We commonly recognize the complexity of our numerous societal problems by suggesting that their solution requires interdisciplinary teams in which are combined the experience and knowledge of many experts in many fields to face all the main elements of a problem. And we often lament, as James Carrol quoted by Harold Orlans, that the "present compartmentalization of knowledge . . . in the form of academic disciplines is not coincident with social need. However useful this compartmentalization may be for the inner development of knowledge, it is only marginally useful for the resolution of social questions."
But we also often lament that interdisciplinary teams have a hard time working together; as Mr. Orlans writes, "Universities have gad treat difficulty in conducting successful interdisciplinary research.... [And] while research institutes have been more (they could not have been less) successful than universities in organizing interdisciplinary teams, the frequency with which such teams are utilized and the extent of their success is commonly exaggerated." For example, Bruce Smith has reported that interdisciplinary research at Rand Corp., "far from becoming steadily easier and more effective, has actually grown more difficult in recent years." One indication of these difficulties is that such teams are rare, while mono-disciplinary work is common.
I would like to discuss one instance of effective team work which I believe casts some light on the opportunities as well as the issues involved. It concerns a research project on telecommunications being worked on by both social scientists and engineers. The study has not resulted in any sensational breakthroughs; however, the problems of working together were effectively reduced and the results are "products" that seem superior to those which a mono-disciplinary team could have produced.
The Setting-a Multidisciplinary Center
The work reported has been conducted at the Center for Policy Research, a nonprofit research corporation in New York City. The Center's staff includes sociologists, psychologists, economists, engineers, systems analysts, a lawyer, and workers trained in other disciplines. As the research staff has no more than fifty persons, they know each other relatively well. There are no mono-disciplinary departments, chairmen, deans, or reward systems. The Center carries out projects in most domestic policy areas financed chiefly by grants of government agencies, foundations, and private industry, in that order. It does no classified research and considers society as its ultimate client.
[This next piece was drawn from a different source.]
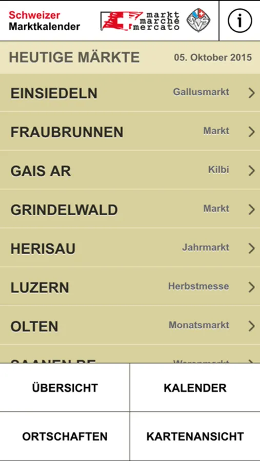 Die App des Schweizerischen Marktverband, dem Berufsverband für den Schweizerischen Markthandel, gibt einen Überblick über aktuelle und künftige Märkte.

Attempts to keep all the 50 members of the staff in dialogue with each other in Center-wide meetings (a desire frequently voiced by staff members) resulted, without exception, in boring, mechanical affairs, which the majority of the staff soon vetoed by staying away. Intensive dialogues take place among individuals whose offices are adjacent or who work in the same problem area in teams of two to nine; or such dialogues occur in "marathons" (one lasted eight hours throughout a Sunday), in which 25 to 35 staff members participate-a research team plus others interested in the subject area. The rest of the Center-wide activities, aside from occasional "business" meetings, are parties which bring out the staff, spouses, and friends. All this had led me to suggest that the well established sociological law which expects that "formal groups" (in which relations are "cooler" and more work-oriented) will be larger than "informal" groups (which are "warmer" and contain friends and peers) needs to be reversed: it might be most effective for research centers, at least, to have small, problem-oriented teams or formal groups and large, informal ones.
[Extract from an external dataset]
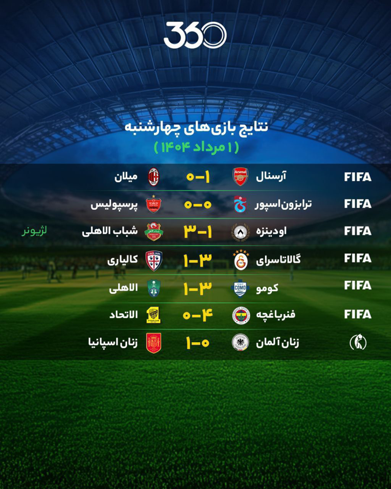 🔺نتایج مهمترین بازیهای چهارشنبه ۱ مرداد

Developing Participatory Technology
One major project of the Center is to develop an electronic system which will allow people dispersed in space to conduct a dialogue with each other in groups and to register their views as a group, in the same way a group is able to do when meeting face to face perhaps in a town half. Technology is sought to increase authentic participation, create a democratizing effect, and reduce alienation. The project, named Minerva after the Roman goddess of wisdom, is supported by RANN (Research Applied to National Needs), the new division of N.S.F., the National Science Foundation. Dr. Stephen Unger and I are co-principal investigators; Dr. Unger is Professor of Electrical Engineering and Computer Science at Columbia University, where I am a professor in the Department of Sociology. The Minerva research team includes four social scientists and four engineers. (The study referred to is supported by N.S.F. grant No. GI 29940)
The work on conference calls provides illustrations of the teamwork discussed below. The initial requirements for these calls, in terms of social science, are to provide for a flow of dialogue and for tallying of responses. Here are some or the questions we have had to face: How will requests "for the floor' be transmitted? How will votes-be tallied? How can the "tower of babel" condition (many parties talking at once) be avoided? How can participants be provided with a sense-of-the-group"--how others feel (previous social science studies show that without such cues, people may be reluctant to take stands)?
All these "needs" are served through the use of nonverbal cues when groups meet in face-to-face town hall meetings; for example, a participant raises his hand to request the floor or to vote; he stares (to quiet the interloper), he scans faces as well as nods (io assess the group's reactions), etc.
At first the social scientists of the Minerva team sought mechanisms that would be as close to the natural group processes as possible. If members of dispersed groups could see each other, for example, say by using picturephones, they might be able to work together as people do in face-to-face groups.
The engineers contemplated various devices to respond to this notion of the social scientists: let the speaker's face be displayed on the conference circuit for all. to see (but we all realized that this would not meet any of the suggested needs except the communication of the speaker's non-verbal cues, such as facial expressions, movements of the hands for emphasis); use a split screen showing all the participants' faces (that might do nicely for the social needs identified above, but we would need a giant screen for a group of 30, or even 12, if the faces of all the participants were to be recognizable); have a scanning device which would display only the face of one participant at a time but which would scan all of them; or have half the screen devoted to the speaker, the other half to such scanning (this suggestion seemed to bring the design closer to what the social scientists thought was necessary).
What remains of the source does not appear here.